The water worked its magic, helped along by his hand brushing off the more stubborn pieces of muck. “Ouch!” Norn hissed as he pulled his hand back as if something had bitten it. “Shit, that hurts.”

He cradled his hand, a mask of pain painted onto his face as he moved it closer to the fire. He held it out to get a closer look, the flickering, dim light from the fire causing the blood that dripped from his torn-open palm to look like black tar.

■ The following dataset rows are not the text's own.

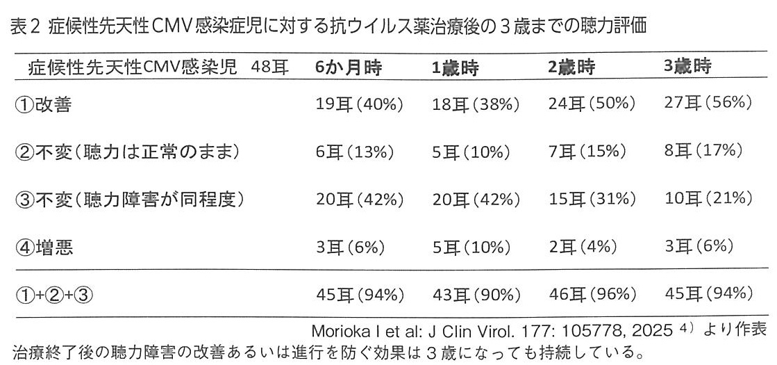 この聴覚障害の改善あるいは進行を防ぐ効果は3歳になっても持続していることが明らかになりました。先天性CMV感染による難聴は進行性であることを考えると大きなインパクトがあります。先天性CMV感染による難聴は、治療により改善や進行を抑制できる可能性があります。
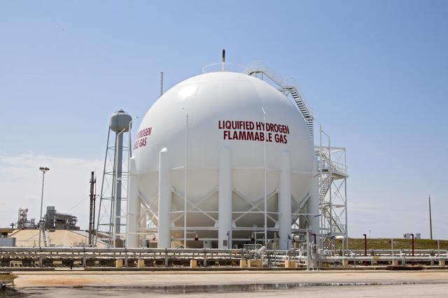 CAPE CANAVERAL, Fla. – At Launch Pad 39B at NASA’s Kennedy Space Center in Florida, the liquid oxygen, or LOX, and liquid hydrogen, or LH2, tanks that supported space shuttle launches for 30 years have been sandblasted, repaired and repainted. The two tanks, designed to store super-cooled LOX and LH2, were refurbished to prepare them to support the launch of NASA’s Space Launch System and other launch vehicles. The Ground Systems Development and Operations, or GSDO, Program office at Kennedy is leading the center’s transformation to safely handle a variety of rockets and spacecraft. For more information about GSDO, visit: http:__go.nasa.gov_groundsystems. Photo credit: NASA_Kim Shiflett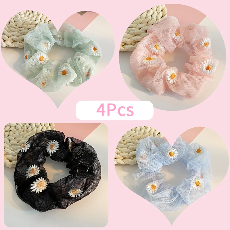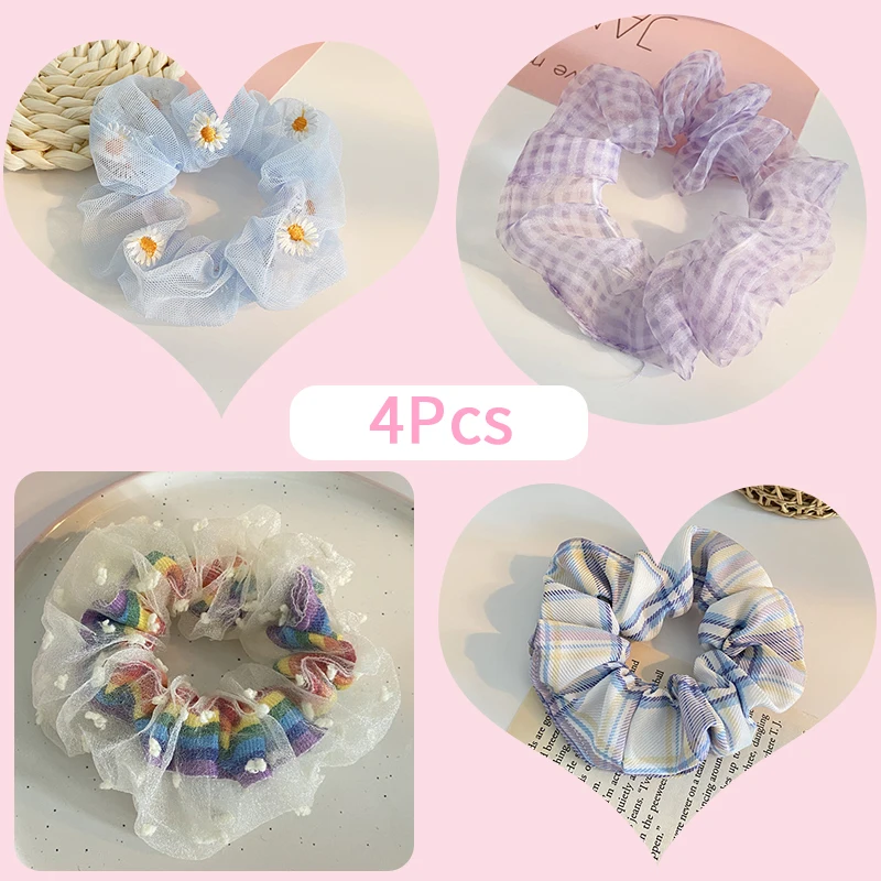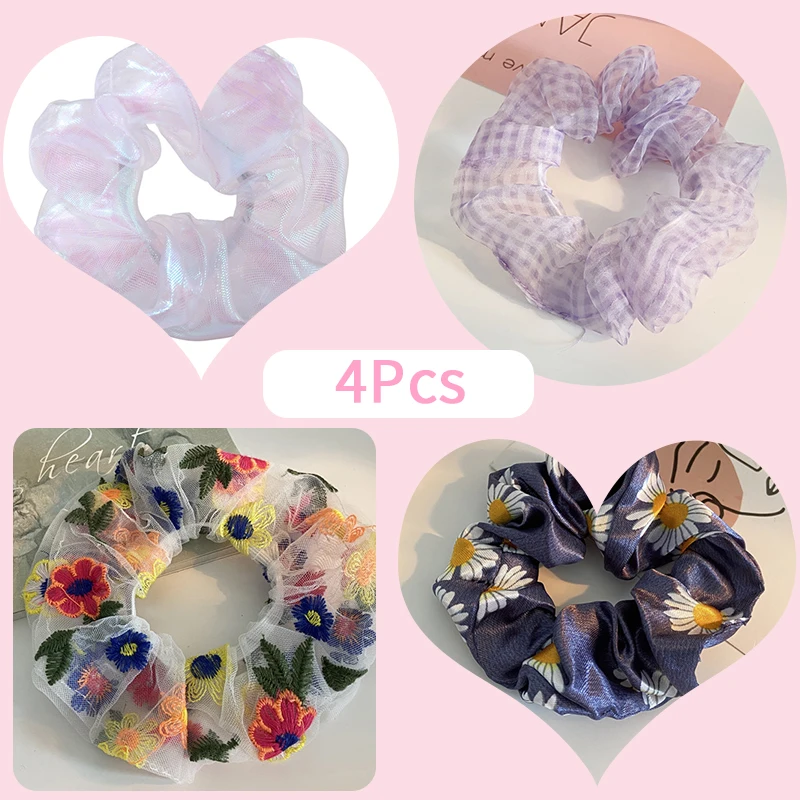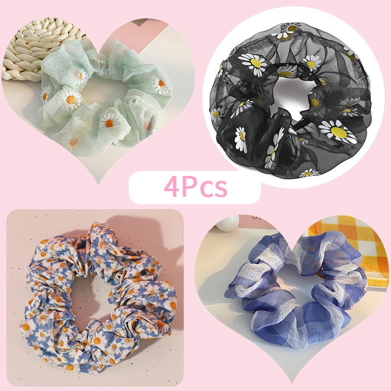 Набор резинок для волос с цветочным принтом для женщин и девочек, 4 шт.компл., эластичные резинки для резинки с завязками волос для хвоста, корейские аксессуары для волос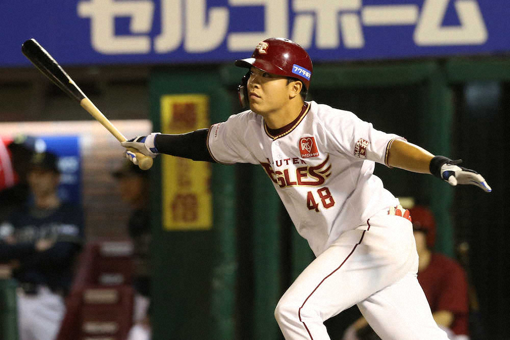 新人らしからぬ対応力が凝縮された決勝打だった。同点に追いつかれた直後の6回2死二塁の場面。楽天のドラフト6位・渡辺佳は打席の中で、初対戦だった3番手・山田の攻略の糸口を探った。初球からスライダーが3球続き、2度の空振りで追い込まれた。
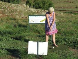 We are progressing well we have now done 9 holes of the Nullarbor links the worlds largest golf course. It has been a challenge Anne is playing much better than me I think Gay should consider her a golf partner. Apart from the Kalgoorlie course the fairways are a little questionalble actually scrub is a better description but the greens are okay its amazing how good astro turf is. The road has been good and the truckies have been very patient with us even though we travel much slower than them. We had some rain last night but just enough to dampen the dust and the temperatures have been around 21 Deg C. The skys have been a little overcast but the solar panel is still managing to keep the battery topped up and us in power.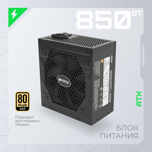 Блок питания Hiper ATX 850W HPB-850FMK2 80+ gold 24pin APFC 120mm fan 6xSATA Cab Manag RTL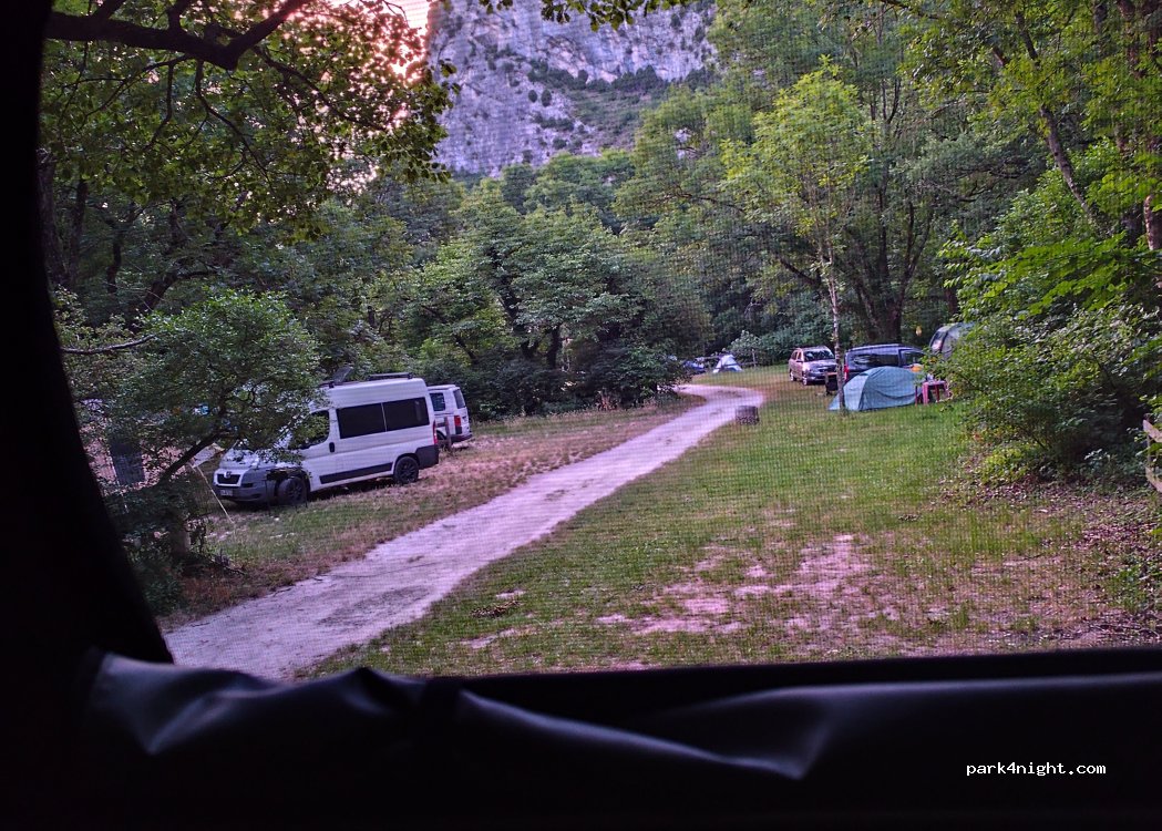 Petit camping nature au pied de la forêt de Saou et proche du village, du torrent et des départs de rando, plus adaptés aux petits CC, vans et tentes . bon accueil pour nous et sanitaires corrects, guinguette pour le soir. Calme et ombragé, grand emplacement avec électricité 30 euros la nuitée pour 3 personnes et van.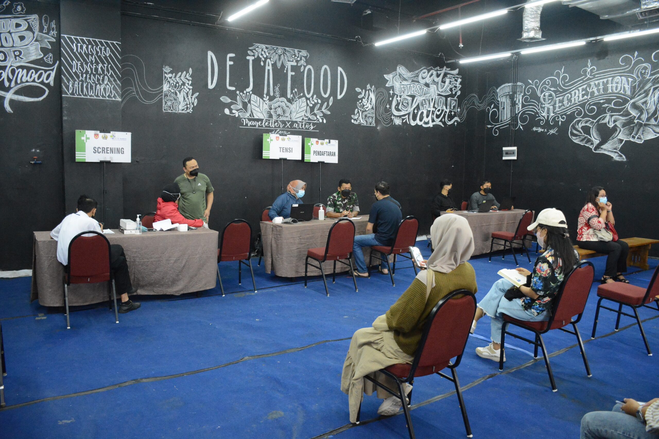 VAKSINASI BOOSTER : Pengunjung tampak antusias mengikuti vaksinasi booster di Artos Mall Magelang (Dok Artos Mall)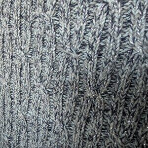 Liz Claiborne sweater, Liz & Co pullover, vintage cable knit, metallic thread sweater, Silver, cozy glam, grey knit sweater, cotton acrylic blend, wide neckline sweater, fall fashion, winter layering, holiday sparkle, vintage medium sweater, classic knitwear, retro style, Y2K cozy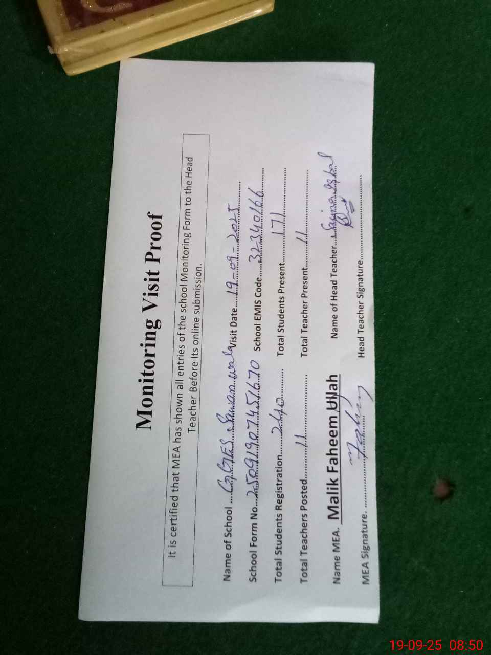 | Attendance Register | Head Teacher | MEA with School | Visit Proof |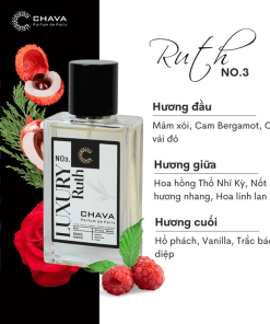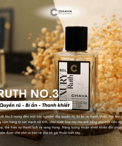 - Ruth No.3 mang đến một trải nghiệm đầy quyến rũ, bí ẩn và thanh khiết. Với tên gọi lấy cảm hứng từ sức mạnh nữ tính, chai nước hoa này tỏa ánh sáng như một viên ngọc quý, thể hiện sự thanh lịch và sang trọng. Năng luợng thuần khiết khiến đối phương muốn được che chở và bảo vệ cho cô gái thuần kiết này.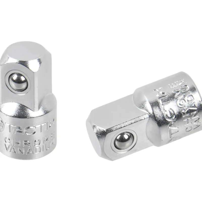 Tactix 1/4″ hylsysovitin, kromi-vanadiiniterästä. Muuntaa 1/4″ naaraspään 3/8″ urospääksi.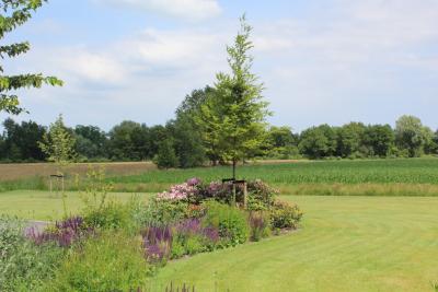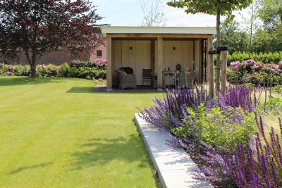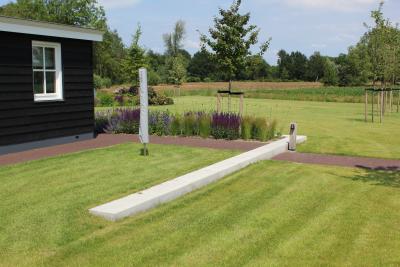 Rondom de woning is juist gekozen voor beslotenheid en gezelligheid, met doorzichten en zichtlijnen naar het landschap. Het lijnenspel van de tuin neemt al snel natuurlijke vormen aan en sluit aan bij het landschap. Het perceel heeft een oppervlakte van 3500m2 en om 'geen slaaf van eigen tuin te worden', zijn er bewuste keuzen gemaakt. Onder andere bij de oprit is gekozen voor asfaltverharding in combinatie met Zweeds graniet, veel gazon en een schapenweide. Het gazon zorgt ervoor dat de woning als het ware onderdeel van het landschap is. Bijzonder in deze tuin is ook de veranda, met een hele eigen beleving van de tuin en het landschap, een boomgaard met karakterfruitbomen en het materiaalgebruik van de terrassen en paden.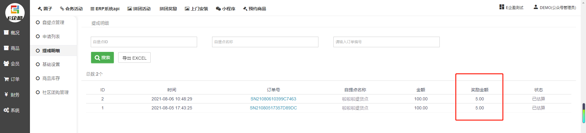 订单总数、本团总收入:统计完成核销的订单总数和自提点团购订单奖励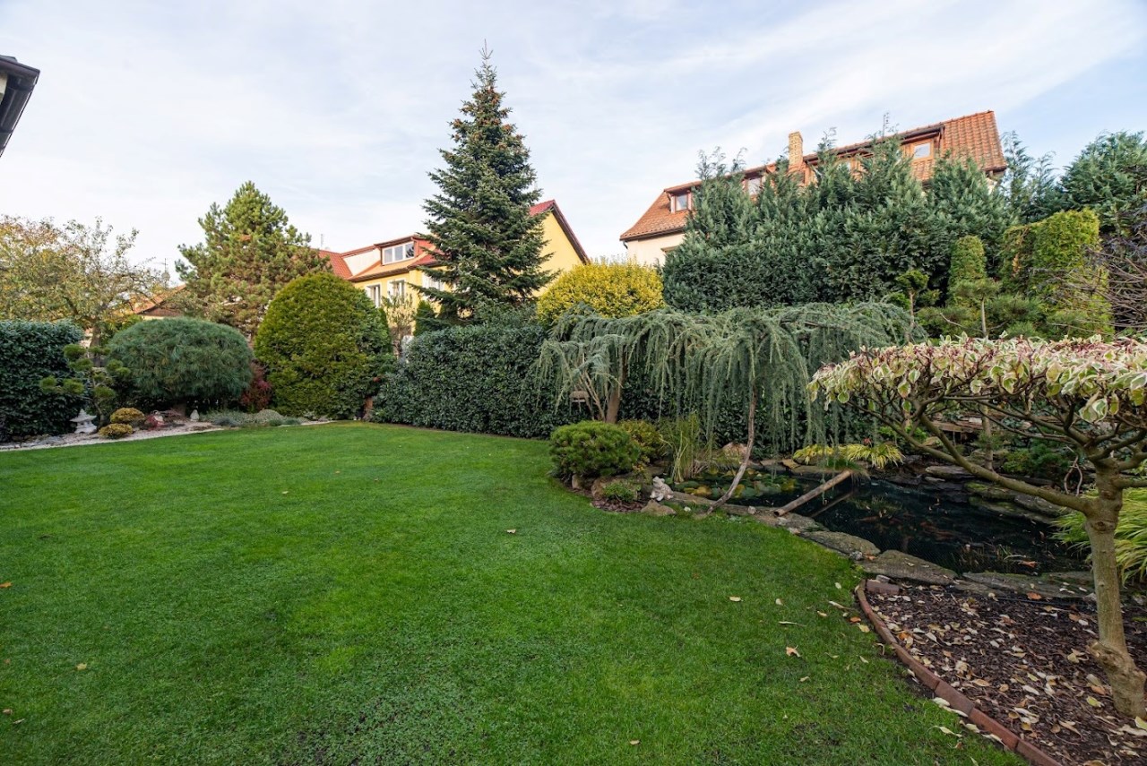 Nieruchomość usytuowana jest frontem do parku, na przepięknie zagospodarowanej działce o powierzchni 716 m² z oczkiem wodnym zarybionym, licznymi nasadzeniami i idealnie utrzymanym trawnikiem wyposażonym w automatyczny system nawadniania i robota koszącego.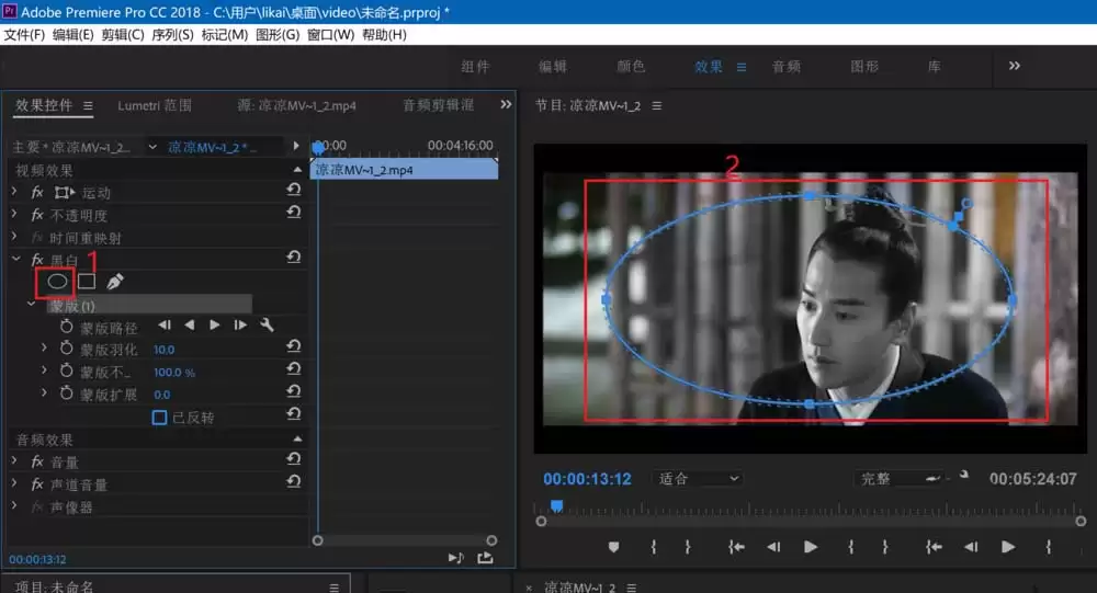 第六步,这才是实现“局部黑白”的精髓。点击视频轨道后,查看软件左侧的“效果控件”面板。找到刚刚添加的“黑白”效果,你会看到其下方有“创建椭圆形蒙版”或“创建4点多边形蒙版”的选项。点击其中一个,视频画面上就会出现对应的蒙版控制点。通过调整这些控制点的位置和蒙版的羽化、扩展参数,你可以精确框选出需要变为黑白的区域。蒙版内部是黑白效果的作用范围,而外部则会恢复彩色。

“Motherfucker…” Norn cursed, looking back at the offending ball. There didn’t look to be anything sharp sticking out of the spot he had wiped clean ; he couldn’t even see any of his blood. From the amount still seeping out of his open wound, he would have thought that his blood would have been all over it, but nothing was there.

Cautiously, he scooted back over to get a closer look. He was careful not to touch it, just in case there was a small and sharp edge that he couldn’t see in such murky light. Instead, he leaned over the head-sized ball of mud, marveling at what he had managed to expose to the chilly night air.

An almost transparent, emerald stone shone up at him. The area he had cleaned off was only the size of his palm, but from that, he could see everything. Swirls of golden light churned deep inside the stone, tying themselves into knots before exploding into magnificent patterns of geometric perfection. He was mesmerized by the spectacle, so enthralled with the dizzying display that he didn’t even notice the jagged lance of stone that had exploded from its surface, not until the excruciating pain washed over him just before his world went black.